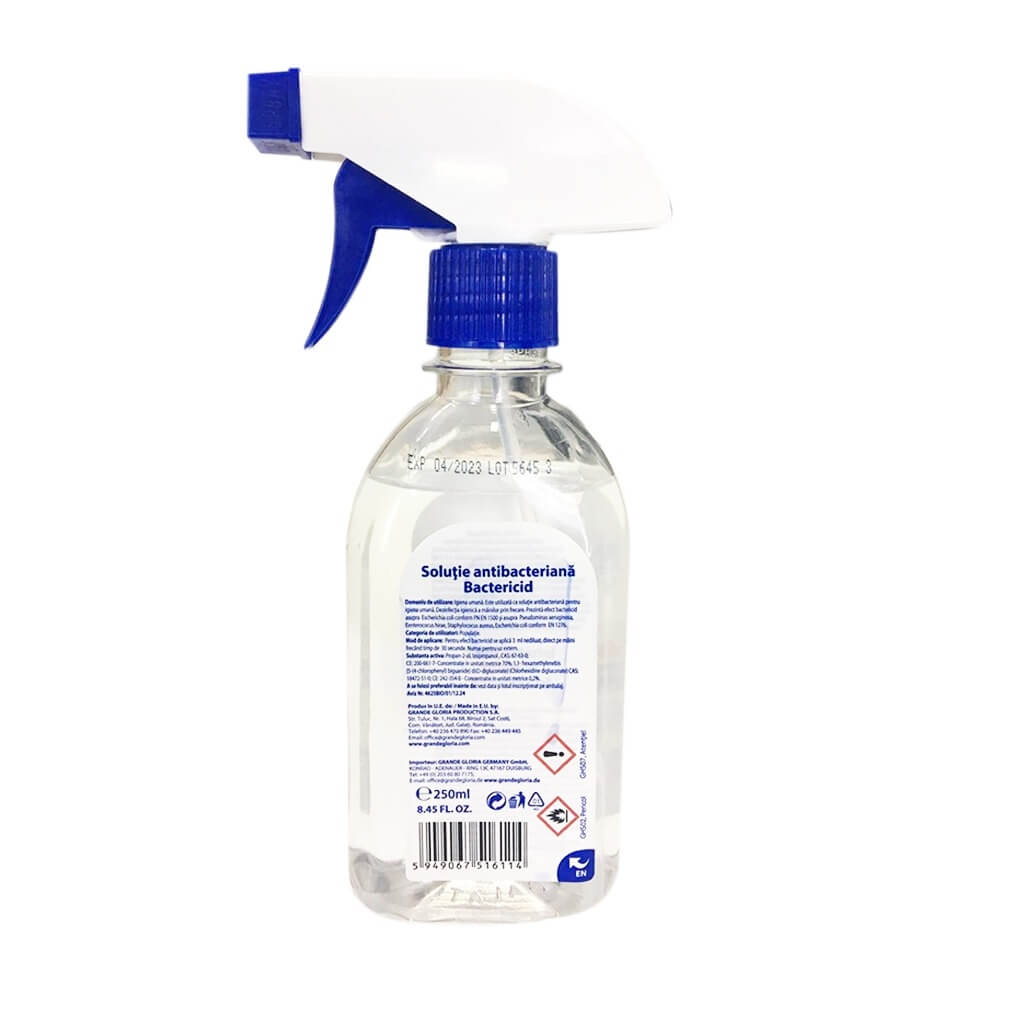 Domeniu de utilizare: Igiena umana. Este utilizata ca solutie dezinfectanta pentru igiena umana. Dezinfectia igienica a mainilor prin frecare. Prezinta efect bactericid asupra E coli conform PN EN 1500 si a multor altora.
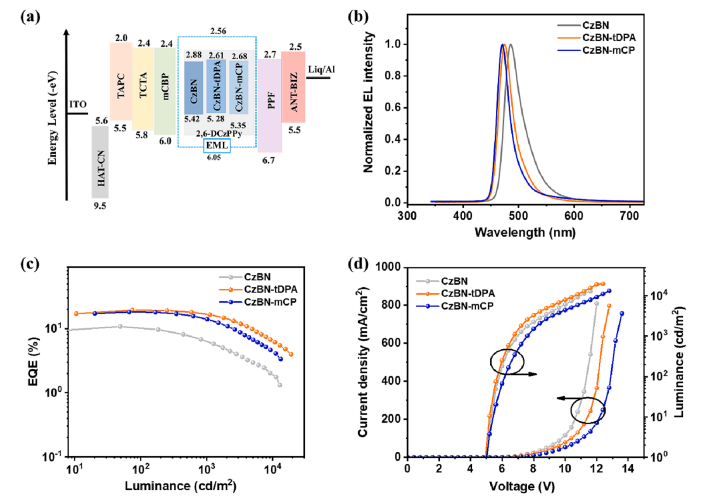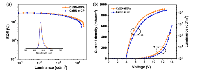 图3. CzBN-tDPA和CzBN-mCP的器件性能。
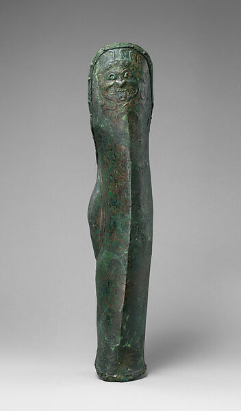 This work of art is currently on loan to the museum.The upper portion, covering the knee, is embellished with a particularly fierce gorgoneion (Gorgon's face). The eyes still contain some of the original amber inlay.
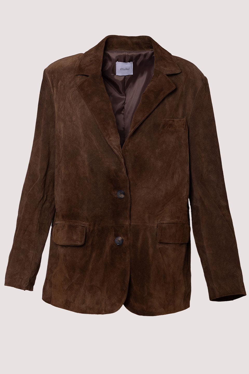 Γυναικείο σακάκι από 100% δέρμα καφέ Motel
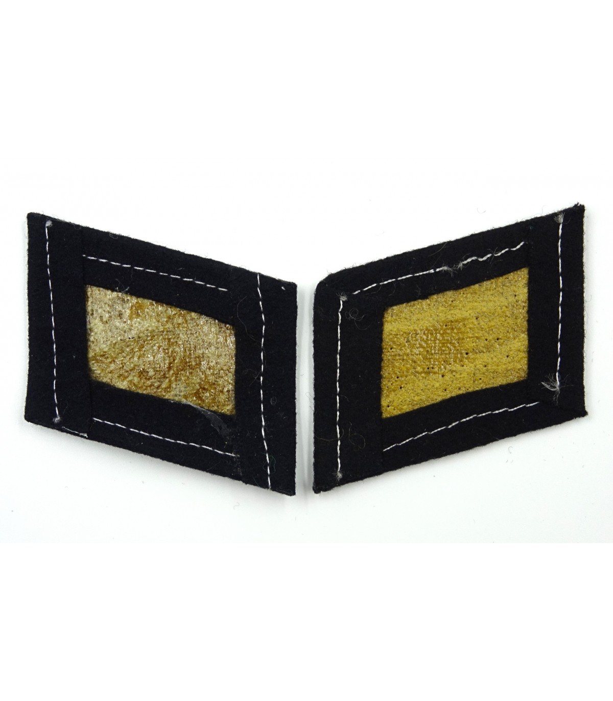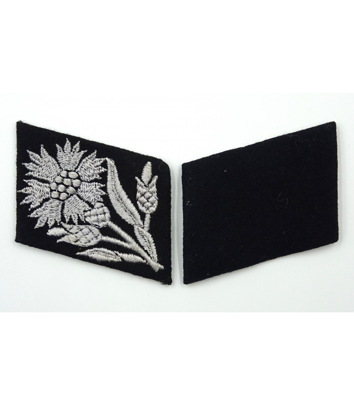 22.SS-Freiwilligen-Kavallerie-Division 'Maria-Theresia'. Brodé machine sur fond de drap d'insigne en laine noire. Provenance: atelier de fabrication d'uniforme de Dachau, pillé par les GI en 1945, où la plupart de ces derniers ont prélevé les côtés droit et délaissé les pattes gauches, ce qui rend les jeux complets particulièrement rares. TBE.
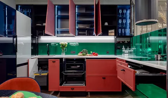 Красная кухня особенно востребована при создании классического стиля, а также в современных концепциях лофт, хай-тек, арт-деко.

TO DO:
If a picture appears among the records, leave it out, and otherwise reproduce exactly every line from the first line through the one with "Γυναικείο σακάκι από 100% δέρμα καφέ Motel", both included.

EXPECTED OUTPUT:
 Domeniu de utilizare: Igiena umana. Este utilizata ca solutie dezinfectanta pentru igiena umana. Dezinfectia igienica a mainilor prin frecare. Prezinta efect bactericid asupra E coli conform PN EN 1500 si a multor altora.
 图3. CzBN-tDPA和CzBN-mCP的器件性能。
 This work of art is currently on loan to the museum.The upper portion, covering the knee, is embellished with a particularly fierce gorgoneion (Gorgon's face). The eyes still contain some of the original amber inlay.
 Γυναικείο σακάκι από 100% δέρμα καφέ Motel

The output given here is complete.